石原さとみ×青木崇高インタビュー 『ミッシング』 絶望のその先にある、手の温もり
手の温もりで伝えあう夫婦の気持ち
ーー物語の主軸となっている沙織里と豊の夫婦関係について、どう感じながら演じていましたか? 石原 女性の感情的な部分とか、男性の冷静さってあると思うんです。沙織里はとても感情的で、一喜一憂してがむしゃらになることが正義だと思っている。同じテンションで怒ってほしいし、泣いてほしいのに冷静でいるように見える豊に対して苛立ちがある。 豊は一喜一憂することが、最善の策じゃないとわかっていて、娘の美羽を見つける目的と結果が大事だと思う人間なので、冷静な判断ができると思うんですよね。そういう人だから、沙織里みたいな感情を出せる人に対して、心を壊さずに対応してくれている。 美羽を失う前は本当にいい夫婦だと思うし、私からすると「本当に沙織里は豊がいて良かったね」って思うんですよね。 ーー男性の目線からどう映りましたか? 青木 夫婦になったきっかけとして、豊が沙織里に対して、直感的に動くところを愛しく思えたっていうのもあると思いますね。ズバズバ言ってくれるところが心地よかったり、愛しかったりするけども、一歩引いて物事を見るというように自然となっていたり、バランスがあるんじゃないですかね。 いい時は、お互いの長所が歯車のように噛み合っていくんですけど、今回のようなことが起きた場合、それが不協和音となって相手のことを信じられないといった苛立ちが生まれてしまう。今まで好きだったところを、逆に捉えてしまうようなことって、普通の夫婦にもあるんじゃないかなと思います。 ーー夫婦のシーンを拝見していて、個人的に、握ったり膝に置いたりとするふたりの手の動きがすごく印象的だなと思いました。 石原 青木 あぁ~。 ーー物語の山場を迎えた後、沙織里と豊の感情が盛り上がって走り出すんですけど、その時も手を繋いでいる。 石原 それ多分、青木さんのアドリブだったと思います。

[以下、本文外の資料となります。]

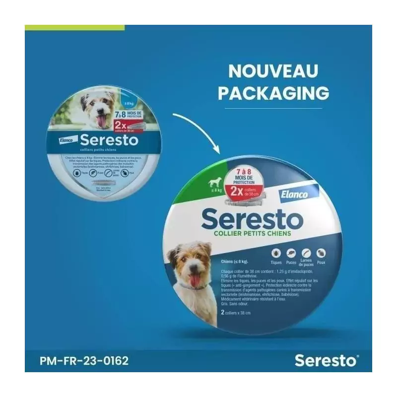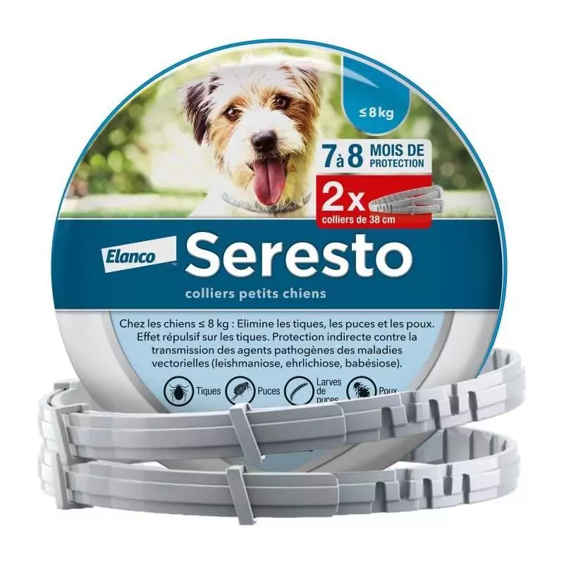 SERESTO Chien Collier Anti-Puces et Anti-Tiques -8kg 2 unités

あれは監督からの指示じゃないです。 ーーベッドで弱った沙織里が寝ているシーンも豊が手を差し伸べます。 青木 そこは監督の指示だったかな? 石原 違う違う、あれも青木さんだよ。 青木 俺からか。 石原 覚えてます。あれは青木さんです。豊は、手の温もりで安心感を与えようとするタイプの旦那さんだったんだなぁって思う。 ーーそうなんです。青木さんの手の動きでそれがわかります。 青木 まぁ、豊は言葉があんまりうまくないから(笑) 石原 そう、言葉じゃないと思うんですよ。だから手を添えて"大丈夫だよ"って伝えてる。あと青木さんって、手を握ったときに、人差し指で手の甲をトントンと撫でながら握るんですよ。 青木 本当に? 石原 多分、癖だと思うんですけど。 青木 完全に癖だ。 石原 そうして自分の話すテンポも私が話すテンポも誘導してるんです。 ーーなるほど。指の動きで。 石原 私、"あぁこういうタイプか"と思ったんです。 青木 無意識のうちに‥‥(笑)。でもそうなんだね。 石原 映っているかわからないですけど、一度、豊の手を離して私が豊の手を握り直すっていうシーンがあったんです。私は無意識にそうしたんです、「今、そうやってなだめようとしてるんでしょ?」って感じて、「今はそうじゃない」っていう感覚になったんですよ。だけど、それを跳ね除けて青木さんがまた私の手を握り直すんですよ。 青木 本人はわかってない (笑) 。 石原 あとテレビを見ながら、頭をよしよしってしたシーンがあるんです。本番1回目終わった後に、監督から「それやめよう」って言われたんですけど結局その1回目が使われていたんですよ。やっぱり、豊ってそういう人なんですよね。 ーー物語の最初は、夫婦の関係性がどんなものか、はっきりわからないけれど、手の動きを見ているとすごくしっくりきました。2人が喧嘩をし始めると、青木さんが手を置いたりするので、演出なのか、ずっと気になっていました。 石原 完全に青木さんです。 青木 豊がそうしたというか、理屈で考えたんじゃない部分だと思います。沙織里との距離の中で、彼女が心をちょっとでも鎮めるために、自分が今できることっていうことでやったことなんじゃないかな。 ーー個人的にはそれが一番夫婦の距離感がわかりやすいなと思います。 石原 ありがとうございます、青木さん。 青木 いえいえ。意識してなかったから(笑)。